Regrettably COVID-19 has become the most talked about subject in our lives and the industry. My topic today is about the actions being taken by the main regulator in the aviation industry – ICAO. TIACA and ICAO have a long-standing practice of collaboration and coordination based on the Declaration signed in 2013. We are joining their Technical group working on joint actions related to COVID-19 (VTC). The group already consists of ICAO, WHO, IATA and ACI. It’s working alongside with the executive-level group (ICAO Secretary General, WHO Assistant Director General, Emergency Preparedness and International Health, ACI Director General and IATA Director General & CEO) have been held on 17 February 2020 and on 24 February 2020.
There are several objectives of these two Groups which are of interest to the air cargo industry from two points of view: to make input and to follow and disseminate information to the air cargo industry. The main ones:
- drafting guidance material on managing outbreaks that occur in aircraft and airport
- website for a single source aviation-specific guidelines on COVID-19
- preliminary analysis of the economic impact of COVID-19.
Generally speaking in response to the COVID-19 outbreak, ICAO has been actively providing aviation-related information on COVID-19 and serving as the key facilitator for States and organizations that are members of the ICAO Collaborative Arrangement for the Prevention and Management of Public Health Events in Civil Aviation (CAPSCA) programme.
So far, the Organization has issued two Electronic Bulletins and one State letter.
I want to point out that ICAO urged the States to strengthen their preparedness plans for managing risks relating to communicable disease outbreaks by implementing effective collaboration and coordination strategies with all stakeholders.

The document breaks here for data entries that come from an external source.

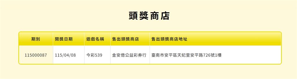 本期頭獎商店。圖/翻攝自台彩官網
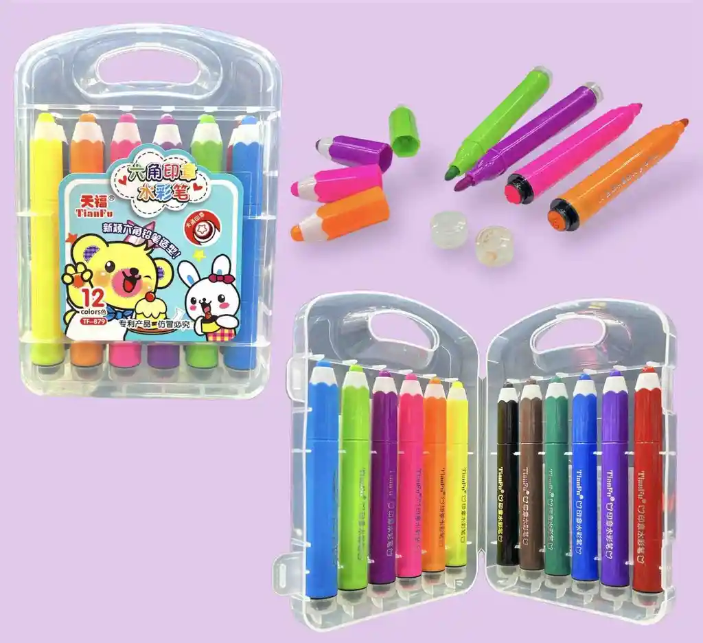 SET DE 12 MARCADORES CON SELLO EN FORMA DE LAPIZ DE COLOR.
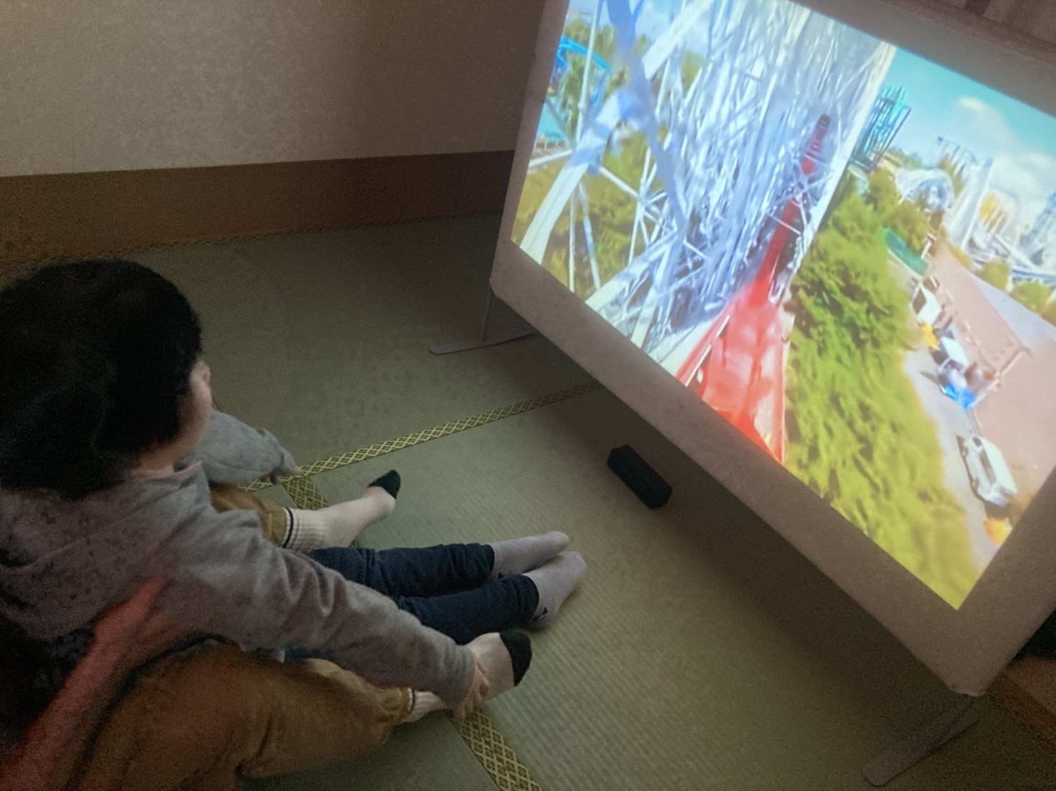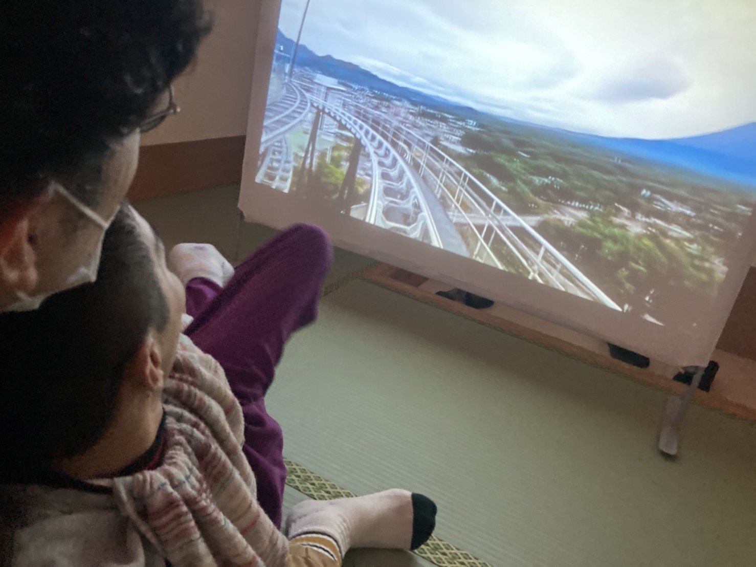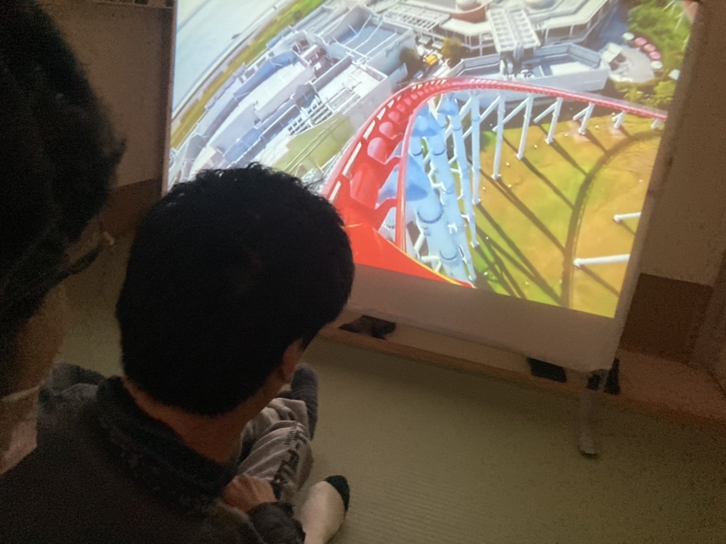 今回は、プロジェクターを使用して、ジェットコースター体験をしました。 職員と一緒に座り… ジェットコースターの映像に合わせてユラユラ! 皆さん楽しかったようで、「わー!」「キャー!」と大はしゃぎでした(^^)/ 次回はまた違ったものを楽しめたらいいなと思っています★
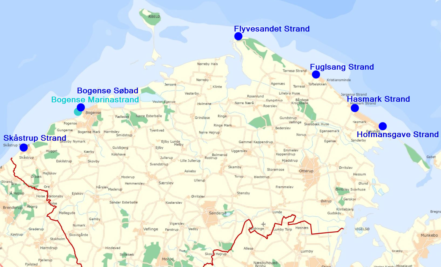 De syv nordfynske badestrande
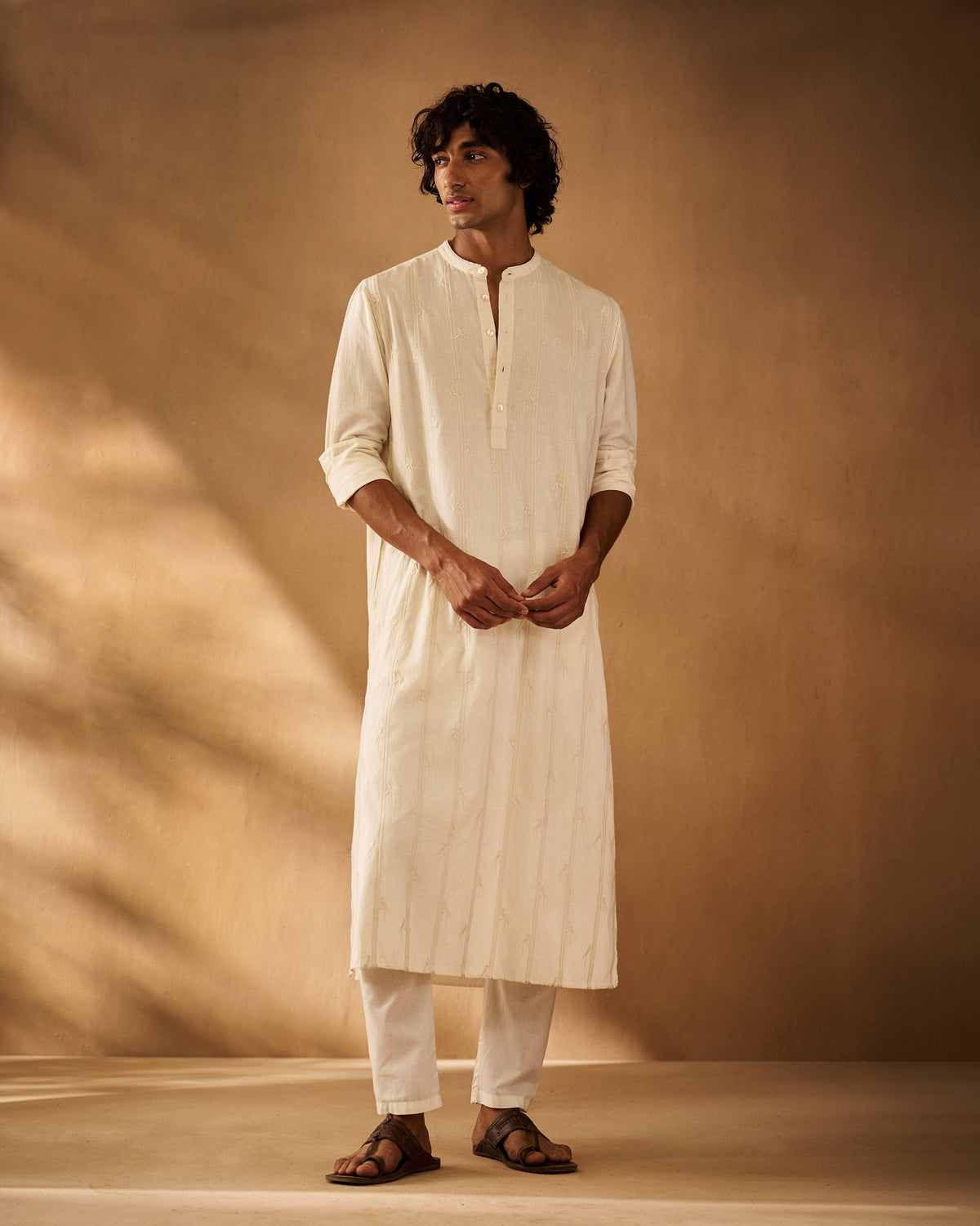The kurta floats lighter than air, crafted in soft handwoven cotton.
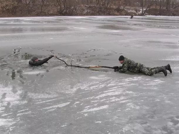 • подать пострадавшему подручное средство, вытащить его на лед и ползком двигаться от опасной зоны.
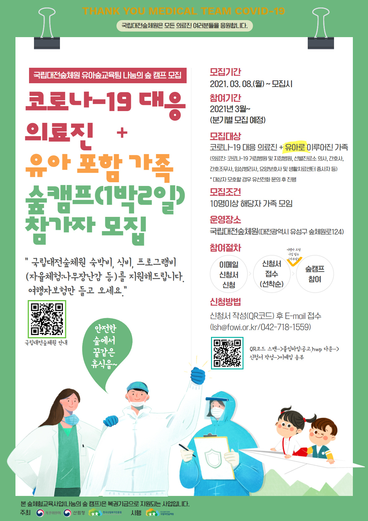 | 264 | 공지 | [국립대전숲체원] 코로나19 대응 의료진 가족을 위한 유아 … |

TIACA this week started working closely with ICAO, the WHO, the Airport Council International (ACI) and the International Air Transport Association (IATA) at both technical and executive levels. This collaboration ensures synergies and coordinated, consistent efforts to address the COVID-19 outbreak. One of the key tasks is to provide guidance to aviation authorities, airlines, and airports on appropriate measures aimed to protect the health and reduce the risk of transmission.
There is another important topic dealt with in this set up – Economic impact of COVID-19 on air transport. Lessons learned from the diverse crises of the past decades have highlighted the vulnerability of air traffic to disease outbreaks. The latest estimates by the ICAO Secretariat indicate the following impact of the COVID-19 outbreak for the first quarter of 2020 in terms of scheduled international passenger traffic from/to China (including Hong Kong SAR of China, Macao SAR of China and cross-strait services from/to Taiwan, Province of China) during 1Q 2020 compared to originally-planned:
a) overall reduction ranging from 35% to 38% of seats offered by airlines;
b) overall reduction of 20.4 to 25.8 million passenger; and
c) approximately USD 4.9 to 6.3 billion potential loss of gross operating revenues of airlines.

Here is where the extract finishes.